Boreham and His Change of Mind

What do basket ball player Michael Jordan, tennis champ Martina Hingis, swimmer Jenny Thompson, cyclist Lance Armstrong and F W Boreham all have in common?

Scroll down when you’re ready for the answer.


















Answer: They all made comebacks after announcing their retirement.


F W Boreham Retirement Announced
After writing thirty-six books, readers of the popular Boreham books, received The Passing of John Broadbanks and were horrified to read this foreword:


BY WAY OF INTRODUCTION

WITH the passing of John Broadbanks, I myself must pass.

It is just about a quarter of a century since, with my heart in my mouth, I daringly submitted the first of these manuscripts to a publisher. Since then, one by one, thirty volumes have trickled from my incontinent pen.

In writing thirty volumes a man has, or has not, delivered his message. If he has, why linger? If not, it is time that he recognized his failure and abandoned the futile adventure.

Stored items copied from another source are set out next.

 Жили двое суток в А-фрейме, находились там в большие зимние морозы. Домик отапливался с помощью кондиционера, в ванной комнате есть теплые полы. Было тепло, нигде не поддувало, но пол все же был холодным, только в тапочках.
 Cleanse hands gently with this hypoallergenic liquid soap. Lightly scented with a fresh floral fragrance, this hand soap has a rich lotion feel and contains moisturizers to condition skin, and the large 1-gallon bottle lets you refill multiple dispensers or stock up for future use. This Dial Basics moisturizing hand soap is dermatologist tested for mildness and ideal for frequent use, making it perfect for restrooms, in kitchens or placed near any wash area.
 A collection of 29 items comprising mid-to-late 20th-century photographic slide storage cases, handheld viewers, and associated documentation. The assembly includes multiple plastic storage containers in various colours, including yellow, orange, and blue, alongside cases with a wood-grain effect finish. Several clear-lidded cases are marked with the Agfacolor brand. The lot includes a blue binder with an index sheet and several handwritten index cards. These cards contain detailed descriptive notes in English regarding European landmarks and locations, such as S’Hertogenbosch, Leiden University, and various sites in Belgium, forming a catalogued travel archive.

Were I to devote another thirty volumes to the task, I could not adequately express to my publishers, my critics and my readers my deep sense of obligation.

This Australian study of mine has sometimes oppressed me by its severe aloofness. And yet, as the years have come and gone, I have sensed the constant flow towards me of tides of generous friendliness emanating from away beyond the far horizon.

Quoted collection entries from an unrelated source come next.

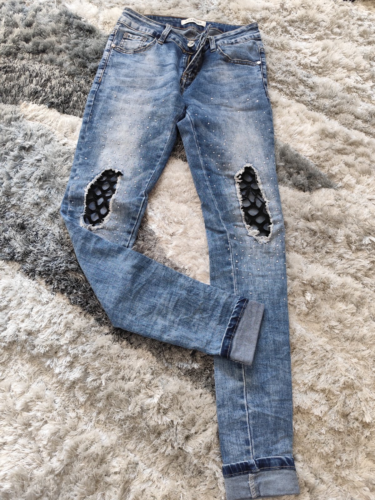 pohodlné elastické rifle z tenšej rifloviny, uv. veľ. XS, rozmery a=89cm b= 70cm, c= od37do44cm, natiahnu sa podľa potreby, veľmi dobrý nosený stav bez poškodení.
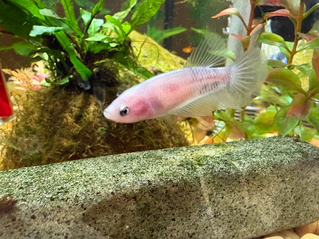 She was sold as a baby and is still very small. I picked her up Friday and she was completely white when I got her. She is in a 10 gallon cycled tank 79 degrees F, tankmates are 2 von Rio flame tetras, 2 harlequin rasboras, 4 ember tetras, and 5 Pygmy Corydoras. There are multiple hiding spots for her. She seems otherwise healthy and spends much of the day exploring nooks and crannies in the tank. She came with the redness in her gill area, ammonia and nitrites are zero.
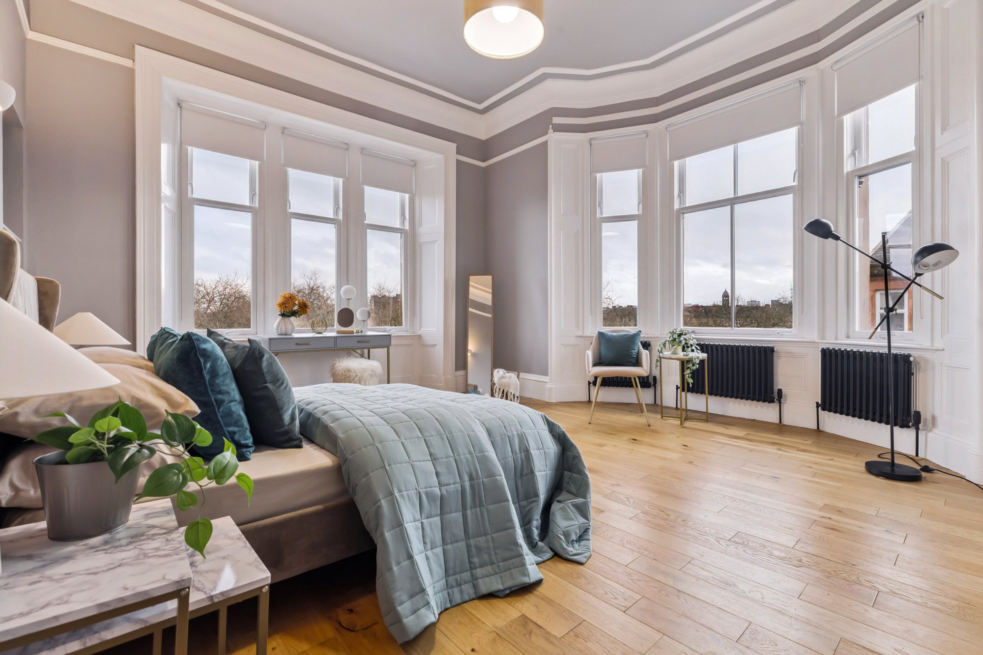 This quite extraordinary four bedroom flat has one of the most special and stunning views that the West End has to offer.

To that great host of kindred spirits with which I can never hope to mingle I wave my hand to-day in affectionate farewell.



FRANK W. BOREHAM.
Kew, Victoria, Australia.
Easter 1936.



Coming Out of Retirement
In 1939 Boreham readers had been successful in their protest for they were able to purchase another Boreham book, appropriately entitled, I Forgot to Say and subtitled, A Gust of Afterthought.

I Forgot to Say
He explained himself in the foreword of this book in these words:

BY WAY OF INTRODUCTION

WITH characteristic courtesy, my publishers urge me, in defiance of my leave-taking of three years since, to send them yet another volume. In a way, I am glad to comply. On retiring for the night, few of us plunge into instant oblivion. When the soft lamp beside the bed has been switched off and the great world is hushed into stillness, the mind obstinately insists upon a final flutter. The events of the busy day march past in grand review, and one is haunted by the things that he should have said, but didn't.

Since issuing the book that I believed to be my last, I have been the victim of some such insomnious experience. Reaching for my discarded pen, therefore, I have dotted down one or two wayward fancies that, in my earlier scribblings, I forgot to say.

F. W. BOREHAM.
KEW,
VICTORIA,
AUSTRALIA.
Easter, 1939.

Some, like boxer Mohammed Ali, regretted making the return but F W Boreham and his readers hailed the new period as being gloriously productive.

Readers were glad he changed his mind for F W Boreham went on to write another fifteen books including his autobiography, My Pilgrimage, which Leslie Weatherhead described as “the most inspiring ministerial autobiography I have ever read.”

Geoff Pound

Image: Comeback champion, Martina Hingis.

Sources:
F W Boreham, The Passing of John Broadbanks (London: The Epworth Press, 1936), 7.
F W Boreham, I Forgot to Say (London: The Epworth Press, 1936), 7.
T H Crago, The Story of F. W. Boreham, (London: Marshall, Morgan & Scott, 1961), 229-230.